Abstract

This project applies classical time series methods to monthly U.S. ice cream sales spanning January 2004–December 2019. I investigated key features including trend, seasonality, and structural changes; transformed and differenced the data to achieve stationarity; and used ACF/PACF analysis to select and fit candidate ARIMA models. To determine the best fit model, I utilized residual diagnostics, and the final model is used to generate out‐of‐sample forecasts with confidence intervals. Our results demonstrate the ability of the chosen model to capture seasonal fluctuations and trend dynamics, yielding accurate forecasts and insights into production patterns over time.

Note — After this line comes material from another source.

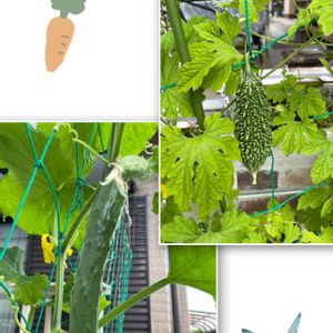 メダカの日除け用に植えたきゅうりとゴーヤ🥒

Through various techniques such as Box-Cox transformations, seasonal differencing, and ACF/PACF residual diagnostics, we were able to identify a SARIMA(2,1,1) x \((0,1,1)_{12}\) model. The final model delivered statistically significant AR and MA coefficients, exhibited white‐noise residuals (Ljung–Box p > 0.05), and produced narrow 95% forecast intervals that closely tracked the original data. We conclude that the chosen SARIMA model successfully captures both trend and seasonal patterns, meeting our project objectives of interpretable modeling and reliable short-term forecasting.

Introduction

In this project, I investigate ice-cream sales over time using a dataset I found through Kaggle (Monthly Ice Cream Sales Data (1972-2020)). As summer is right around the corner, and the days are getting hotter, the demand for ice cream will inevitably rise – including my demand for it. That’s why I have gained interest and chose to analyze this fun yet interesting dataset. The central goal of this project is to perform a time series analysis and forecasting of ice cream sales for an ambiguous city in the U.S. So, can we build and implement a model to forecast future ice cream sales using past data? To answer this question, I will be following this pipeline for classical time series analysis: data processing, visualization, transformation, model identification via ACF/PACF, model fitting, and forecasting.

Data Processing

Data Loading

library(readr)
library(tidyverse)
library(lubridate)
library(forecast)
library(tseries)
library(zoo)
library(ggplot2)
library(MASS)
library(tseries)

data <- read_csv("C:/Users/jaych/Downloads/archive (4)/ice_cream.csv", col_types = cols(DATE = col_date(format = "%Y-%m-%d"), IPN31152N = col_double()))

names(data)

## [1] "DATE"      "IPN31152N"

Condensing the Data

ice <- data %>%
  filter(DATE >= as.Date("2004-01-01") & DATE <= as.Date("2019-12-01"))

nrow(ice)

## [1] 192

The original dataset contained 577 observations – a little too much for my liking. So, I narrowed down the dataset into a smaller one, one with 192 observations, making this an ideal number for a time series analysis.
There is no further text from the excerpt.